TASK TO COMPLETE :: With the pictures left aside, write out the entries that follow exactly.

DATA SHOWN ::
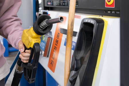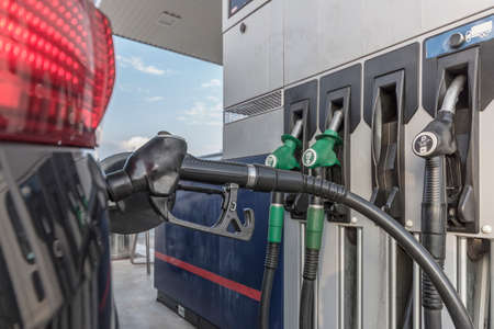 Refueling gasoline or diesel at the gas station in the fuel crisis due to high prices
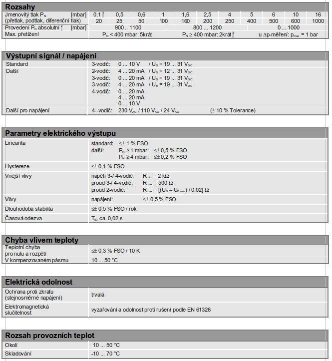 Pro silně kolísající tlaky je snímač vybaven účinným tlumením. Jako napájení se používá stejnosměrné napětí 24 VDC (odolnost proti přepólování) nebo 230 VAC (po dohodě 110 VAC , 24 VAC). Robustní provedení umožňuje použití jak v laboratořích tak i v podmínkách průmyslových provozů. Kvalitní mechanická konstrukce zaručuje udržení důležitých parametrů jako je dlouhodobá stabilita, linearita a reprodukovatelnost.
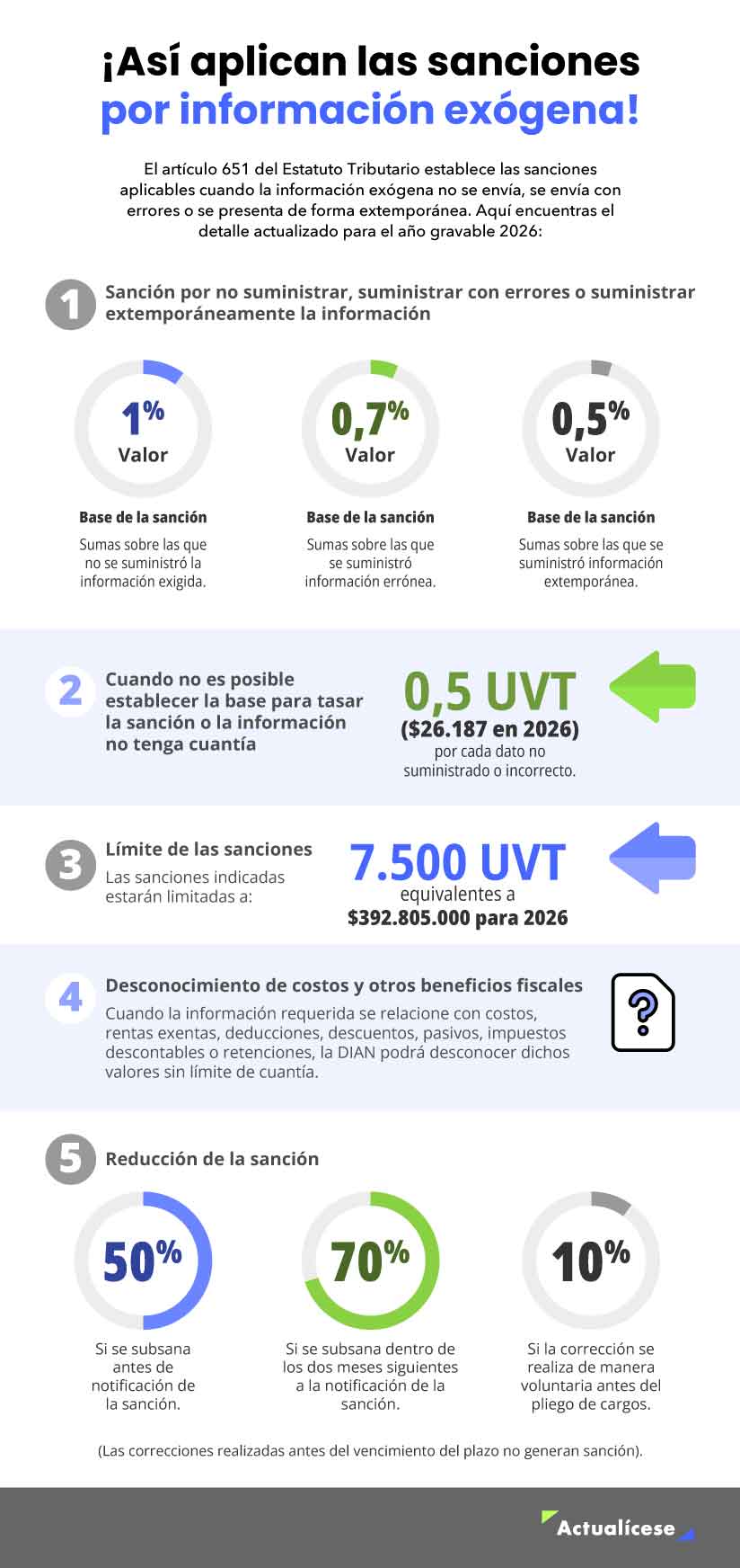 De acuerdo con el artículo 1.3.11.1. de la Resolución 000227 de 2025, cuando la información exógena no se suministre dentro de los plazos establecidos, el contenido presente errores o no corresponda a lo solicitado, dará lugar a las sanciones contempladas en el artículo 651 del ET (modificado por el artículo 80 de la Ley de reforma tributaria 2277 de 2022).
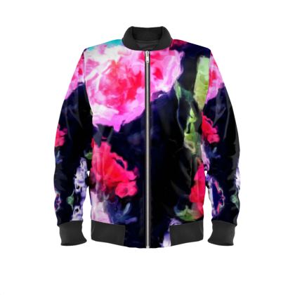 Zipper closure for a secure fit, a ribbed knitted round collar with full length sleeves. This quilted bomber is chic, with Lady Barbara Pinson Artist's design as original artwork. There are a variety of designs to choose that suit your style. Order your Lady B Bomber Jacket today and start enjoying!
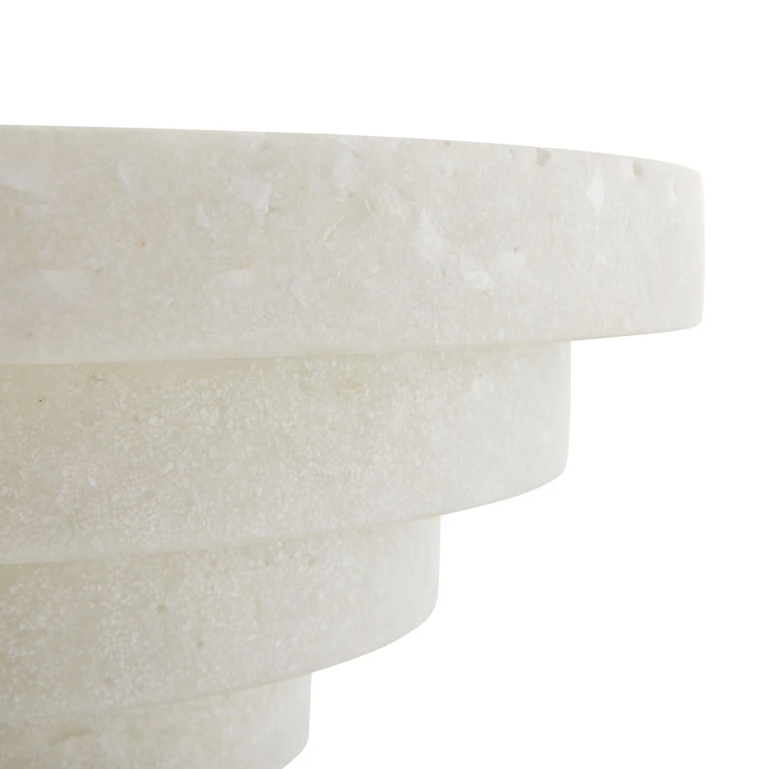 Stacked concentric layers of ivory ricestone form the unique Maximus Centerpiece from Arteriors Home. Taking design cues from the Bauhaus movement, the base is a round plate of bronzed steel, providing subtle support. *Ricestone will vary.

SOLUTION TO THIS PROBLEM ::
 Refueling gasoline or diesel at the gas station in the fuel crisis due to high prices
 Pro silně kolísající tlaky je snímač vybaven účinným tlumením. Jako napájení se používá stejnosměrné napětí 24 VDC (odolnost proti přepólování) nebo 230 VAC (po dohodě 110 VAC , 24 VAC). Robustní provedení umožňuje použití jak v laboratořích tak i v podmínkách průmyslových provozů. Kvalitní mechanická konstrukce zaručuje udržení důležitých parametrů jako je dlouhodobá stabilita, linearita a reprodukovatelnost.
 De acuerdo con el artículo 1.3.11.1. de la Resolución 000227 de 2025, cuando la información exógena no se suministre dentro de los plazos establecidos, el contenido presente errores o no corresponda a lo solicitado, dará lugar a las sanciones contempladas en el artículo 651 del ET (modificado por el artículo 80 de la Ley de reforma tributaria 2277 de 2022).
 Zipper closure for a secure fit, a ribbed knitted round collar with full length sleeves. This quilted bomber is chic, with Lady Barbara Pinson Artist's design as original artwork. There are a variety of designs to choose that suit your style. Order your Lady B Bomber Jacket today and start enjoying!
 Stacked concentric layers of ivory ricestone form the unique Maximus Centerpiece from Arteriors Home. Taking design cues from the Bauhaus movement, the base is a round plate of bronzed steel, providing subtle support. *Ricestone will vary.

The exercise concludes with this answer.